Besonders ausgeprägt war, gemäss der Pressemeldung vom Juli 2026 von "Flexible Packaging Europe FPE", die Entwicklung bei BOPP-Folie (20 Mikron), deren Preisniveau sich gegenüber dem ersten Quartal nahezu verdoppelte (+97 %). PET-Folie (12 Mikron) legte ebenfalls deutlich um rund 40 % zu, während BOPA-Folie (15 Mikron) um 21 % anstieg. Aluminiumfolie (7 Mikron) verteuerte sich um rund 12 %, einseitig gestrichenes Papier (60 g/m²) um knapp 5 %. Auch die Polyethylenmärkte verzeichneten kräftige Preissteigerungen: Die durchschnittlichen Preisniveaus für HDPE lagen rund 38 % und für LDPE rund 31 % über dem Vorquartal. Im Vergleich zum zweiten Quartal 2025 lagen sämtliche betrachteten Materialien deutlich über dem Vorjahresniveau.
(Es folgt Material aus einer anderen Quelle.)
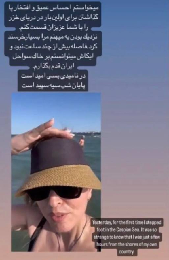 “Mən ilk dəfə Xəzər dənizinə qədəm qoymağın dərin hissini və şərəfini sizlərlə bölüşmək istərdim, əzizlərim. Vətənimə yaxın olmaq məni sevindirdi. Ölkəmin sahillərindən cəmi bir neçə saatlıq məsafədə olduğumu başa düşmək çox qəribə idi”,- deyə Pəhləvi yazıb.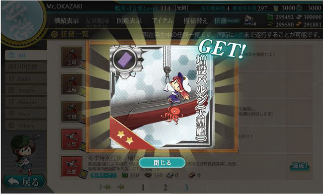 新任務の1つ、駆逐艦4隻で1-1と1-2のボスにS勝利をする任務をクリアすると、家具職人の他に25_三連装機銃★3か、増設バルジ(大型)が貰えます。補強増設にバルジが装備出来るようになったり、改修も出来るようになったりとテコ入れが入っているので、ここはバルジを貰っておきました。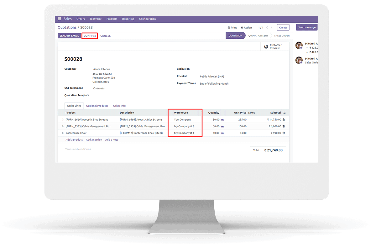 This module will help you to set warehouses per sale order lines and the picking will be created for the selected warehouses separately.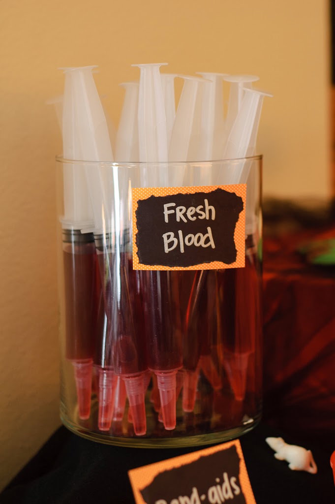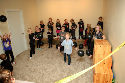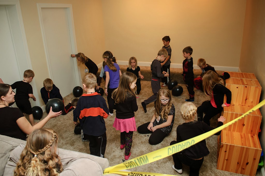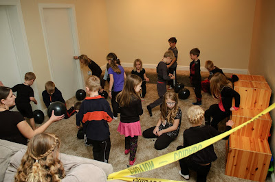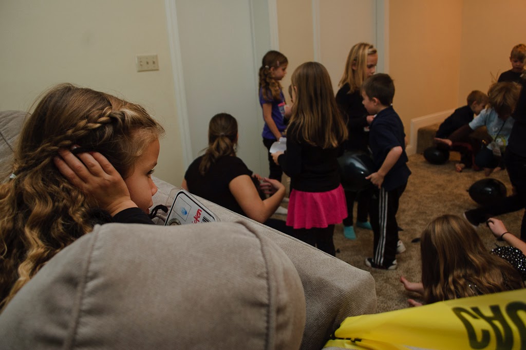 The next challenge was the laser trap. Johnny set up the black light with lasers (string) and the kids had to maneuver through them and deactivate a bomb (unwrap a tootsie roll) at the end. The next clue was inside one of those tootsie rolls. It was tiny and they had to use a magnifying glass to read it. It was really awesome. We had a blackout curtain at the opening of the hallway so the black light really worked well. A couple of the kids were too freaked out to even try it. Most of them (especially the boys) totally loved it!

FPE führte weiter aus: Die Polyethylenmärkte wurden im zweiten Quartal erheblich von geopolitischen Entwicklungen beeinflusst. Kaushik Mitra, Chemical Market Analytics by OPIS, ein Unternehmen von Dow Jones, erklärte: „Der europäische Polyethylenmarkt war im zweiten Quartal 2026 von erheblicher Volatilität geprägt, ausgelöst durch die Iran-Krise und die Aussicht auf einen Versorgungsschock in einem Markt, der bereits durch niedrige Lagerbestände gekennzeichnet war. Nachdem die Polyethylenpreise in Europa seit der zweiten Hälfte des Jahres 2025 bis Februar 2026 auf vergleichsweise niedrigem Niveau verharrt hatten, stiegen sie im März sprunghaft an. Dieser Trend setzte sich im April und Mai fort, da die Käufer der Materialverfügbarkeit Vorrang einräumten. Die Versorgung blieb aufgrund erheblicher Produktionsausfälle im Nahen Osten angespannt, während andere internationale Anbieter Zeit benötigten, ihre Handelsströme neu auszurichten. Obwohl die europäische Produktion schrittweise zunahm, überstieg die Nachfrage weiterhin das verfügbare Angebot. Im Mai stabilisierten sich die Preise, da sich die Käufer nach der Wiederauffüllung ihrer Lagerbestände stärker auf die Bezahlbarkeit konzentrierten, während sich der Preistrend in Asien bereits umkehrte. Zunehmend wettbewerbsfähige Angebote, insbesondere aus China, stärkten die Verhandlungsposition der Käufer.
Ab der zweiten Maihälfte gaben die Preise am Spotmarkt nach, was die Sorge vor Wertberichtigungen auf Lagerbestände erhöhte und die Kaufbereitschaft dämpfte.